I would like to use the same ideas used to generate the StableDiffusionImg2ImgPipeline in a slightly different domain, however I do not understand exactly the approach to image condition diffusion.

Currently I am training a diffusion model to generate image like results from partial image inputs. (think along the lines of complete this image with this partial info) Right now the approach is to use a UNet2DConditionModel() with the partial image encoded and passed to the encoder_hidden_states. I get decent results however I believe this would perform better using the partial images as the latent starting point as shown in the img2img code here and as descriped in the stable diffusion paper here where the conditioning can be concatenated to the latent vector (or replace it?) as the starting noise during inference.

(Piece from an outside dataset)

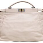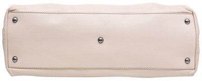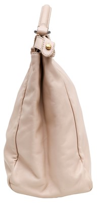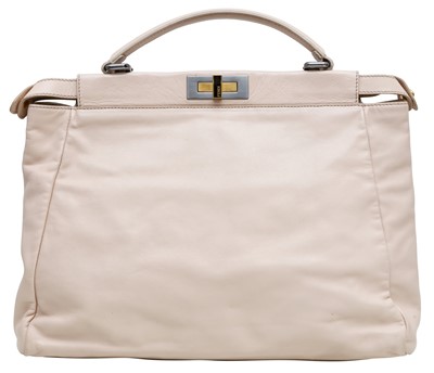 An iconic Large Peekaboo handbag crafted from pale pink leather, representing the peak of Fendi's craftsmanship. The design features a stiff partition dividing two internal compartments, accessible via the signature twist lock on both sides. It is accented with gold-finish hardware, a top handle, and a soft nappa leather-lined interior, embodying a blend of structured utility and luxury.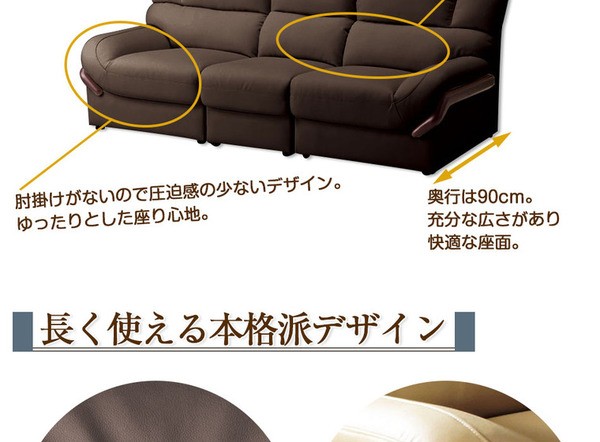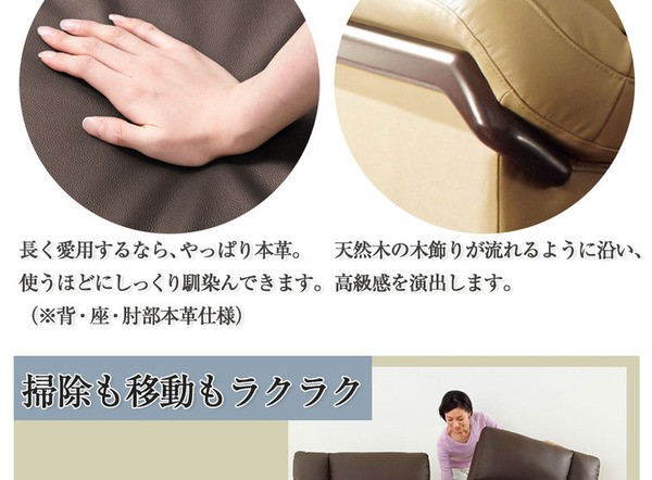 ■ 品質/張地:(背部・座面・肘部)本革、(その他)合成皮革、中材:木枠、S字バネ、ウェービングベルト、ウレタンフォーム、チップウレタン、肘掛装飾:天然木(ラッカー塗装)

However I am struggling to understand exactly how this works in both training and inference. In training does anything change from how you would train a text to image conditional model? My immediate reaction is that the noise step we are predicting in training would need to be conditioned on the final time step “T” noise being a sample image rather than pure gaussian noise, but I am unsure how you would generate this training data.

Then during inference, it seems like the img2img pipeline from the link above is just doing the normal denoising process but using the provided image a the starting latent noise rather than a randomly sampled latent vector that would be expected for text to image.

Is it really as simple as train a standard text to image diffusion model and then drop in an encoded image as a starting point during inference?

I appreciate the help.